Language of document :

Action brought on 9 November 2023 – MD v Commission

(Case T-1063/23)

Language of the case: Italian

Parties

Applicant: MD (represented by: P. D’Imporzano, lawyer)

Defendant: European Commission

Form of order sought

The applicant claims that the Court should:

Annul the contested decision, and therefore the implicit decision rejecting the complaint lodged on 11 May 2023 against draft decision PMO.3, which became final after 60 days;

Order the Commission to pay the costs of the proceedings.

Pleas in law and main arguments

In support of the action, the applicant relies on four pleas in law.

1.    First plea, alleging that the criterion of ‘prior condition’ (original: ‘état antérieur’), on which the decision is based, is not provided for in the Common rules on the insurance of officials of the European Communities against the risk of accident and of occupational disease (‘the common rules’) (Article 9)

It can be inferred from the wording of Article 9 that it is not relevant whether, before the accident, a part of the body was in good or poor condition. It is only relevant whether it was necessary to intervene in order to restore, to the extent possible, a situation that is not less favourable than before; the treatment to restore, to the extent possible, physical integrity could also lead to functional improvement;

The ‘prior condition’ is irrelevant in order to determine the appropriate treatment, including long-term treatment;

Unlawfulness of the contested decision based, at least implicitly, on the criterion of ‘prior condition’.

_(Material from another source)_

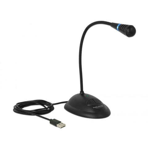 1 kép    DELOCK USB Gooseneck Microphone with base and mute + on / off button Black Mikrofon

2.    Second plea, alleging a contradiction between acceptance of the expenses incurred directly in relation to the accident and refusal to pay expenses potentially incurred in relation to potential complications

The applicant was reimbursed under the accident rules governing the costs of the implant and crown on tooth 13. However, as a result of the reports by the doctor designated by the Institution, at least accepted implicitly by that institution, the possibility of the accident rules covering treatment in the event of potential complications was ruled out on grounds of a prior condition. Were a prior condition to be relied on – the lawfulness of which is disputed – payment of direct expenses should also, logically, have been refused.

Infringement of Article 17 of the common rules, which makes the reopening of a case subject to the sole condition that the injury has worsened in comparison with the situation before the accident.

3.    Third plea in law, alleging inadequate statement of reasons in the report of the doctor designated by the Institution and, at least implicitly, accepted by the administration

The finding in the report of the doctor designated by the Institution and, at least implicitly, accepted by the administration was not supported by adequate reasons, having regard to the medical documents submitted.

4.    Fourth plea in law, alleging lack of independence and conflict of interest of the doctor designated by the Institution

An insurance policy was signed by the Institutions in respect of the risk of accidents of their staff. Should an accident covered by Article 73 of the Staff Regulations be determined to have occurred, the cost of the services set out in paragraphs 2 and 3 are covered by the insurance company. In this case, the doctor designated by the Institution is also the doctor of the insurance company which concluded the contract with the Institutions and which must bear the expenses laid down in the Staff Regulations.

That doctor, in performing both sets of duties, cannot operate with the necessary independence and impartiality. If it were the case that his fees for drafting his findings were paid by the insurance company, the conflict of interest would be obvious.